2017-02-23: Now works with the latest Kaldi (also requires very fresh Kaldi). This also means that LSTM nnet3 models (including chain models) are supported (not tested).

2016-10-14: Support for nnet3 (including 'chain') models, thanks to @yifan! Not tested very carefully. Set the nnet-mode property to 3 to use nnet3 models. Note that this property must be set before the other properties.

2016-06-23: Got rid of the GStreamer property warnings at startup, thanks to @MathieuDuponchelle.

2015-11-05: Minor changes for compatibility with Ubuntu 12.04 (and its older version of Jansson). Also use ReadDecodeGraph to read fst file, supporting the use of const (mapped) fsts.

2015-06-03: Full results can now inlude word alignment information for the best hypothesis. In order to activate this, set the word-boundary-file property to point to the word_boundary.int file typically found in the data/lang/phones/ subdirectory of a trained system.

2015-06-02: Added functionality to output structured recognition results, that optionally include n-best results, phone alignment information and possibly other things (word alignments, sausages, lattices, sentence and word confidence scores) in the future. The structured results are pushed using the signal full-final-result, and are formatted using a JSON encoding. See below for a full description. Also removed the individual signals that were used for pushing out phone alignments.
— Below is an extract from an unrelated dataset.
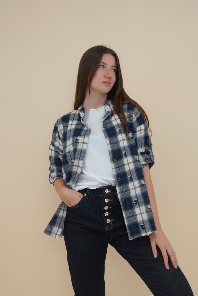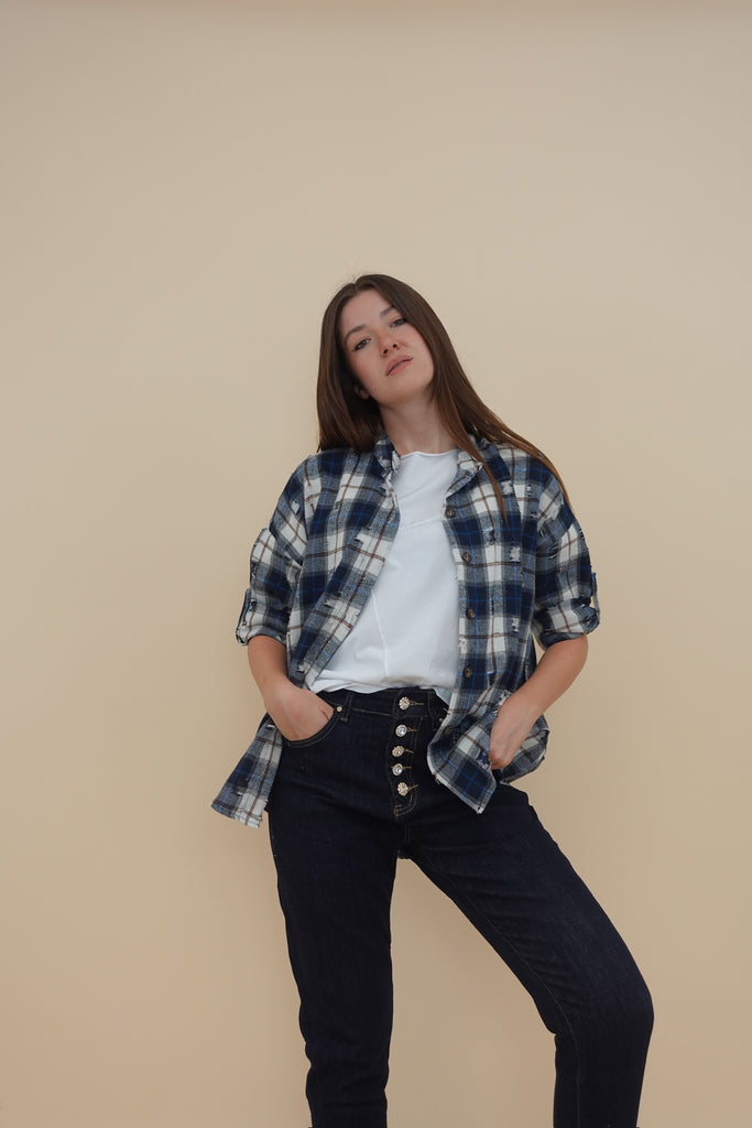 Camicia a scacchi, con vestibilitá morbida ed effetto "vintage "

2015-04-30: Added functionality to change models (FST, acoustic model, big language model) after initial initialization. Added functionality to ouput phone aligment information (see properties do-phone-alignment and phone-syms). Both additions by Ricard Marxer (@rikrd).

2015-04-28: Endpointing and interim recognition results now work correctly when using the threaded decoder. Note that endpointing does not work exactly the same as with the unthreaded decoder, and there might be some differences between individual decoder runs, but for all practical purposes it should be OK. Also, introduced a new property traceback-period-in-secs that specifies how often intermediate results are sent to the client (default is 0.5). NB: this update requires Kaldi revision 5036 or later.
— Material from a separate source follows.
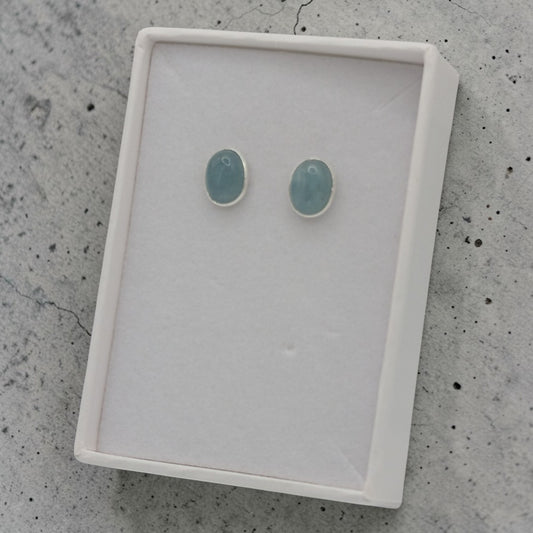 Sterling Silver Emira Aquamarine Oval Stud Earrings 0.4"

2015-03-05: Threaded decoder can now be selected at configuration time, using the use-threaded-decoder property. NB: this property should be set before other properties. Endpointing and partial results might still not work as expected with the threaded decoder.

2015-03-01: one can now optionally use the threaded online decoder. Citing Daniel Povey who developed the code in Kaldi: "This should make it possible to decode in real-time with larger models and graphs than before, because the decoding and the nnet evaluation are in separate threads and can be done in parallel." Use make CPPFLAGS=-DTHREADED_DECODER to compile it. Note that the endpointing and partial results might not work as expected with the threaded decoder, working on the fix.
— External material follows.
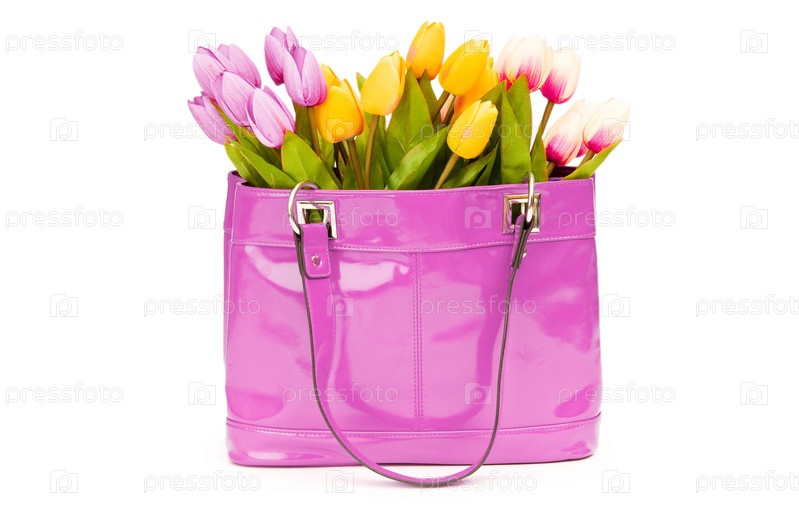 Сумка с цветами, изолированная на белом фоне
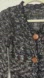 Very interesting boucle knit cardigan is a marled combination of earth tones of brown, black, and white. In addition to the unique knit, the cardigan has ruffled neckline, hem, and cuffs. Four very large lacquered brown wooden buttons down the front of the cardigan. At bottom front, there are four squiqqly accent seams. Sweater is fitted through body and sleeves.

2015-01-09: Added language model rescoring functionality. In order to use it, you have to specify two properties: lm-fst and big-lm-const-arpa. The lm-fst property gives the location of the original LM (the one that was used fpr compiling the HCLG.fst used during decoding). The big-lm-const-arpa property gives the location of the big LM used that is used to rescore the final lattices. The big LM must be in the 'ConstArpaLm' format, use the Kaldi's utils/build_const_arpa_lm.sh script to produce it from the ARPA format.

2014-11-11: the plugin saves the adaptation state between silence-segmented utterances and between multiple decoding sessions of the same plugin instance. That is, if you start decoding a new stream, the adaptation state of the previous stream is used (unless it's the first stream, in which case a global mean is used). Use the adaptation-state plugin property to get, and set the adaptation state. Use an empty string with the set method to reset the adaptation state to default. This functionality requires Kaldi revision 4582 or later.

HOW TO COMPILE IT

The following works on Linux (I'm using Debian 'testing'; Ubuntu 12.04 also works).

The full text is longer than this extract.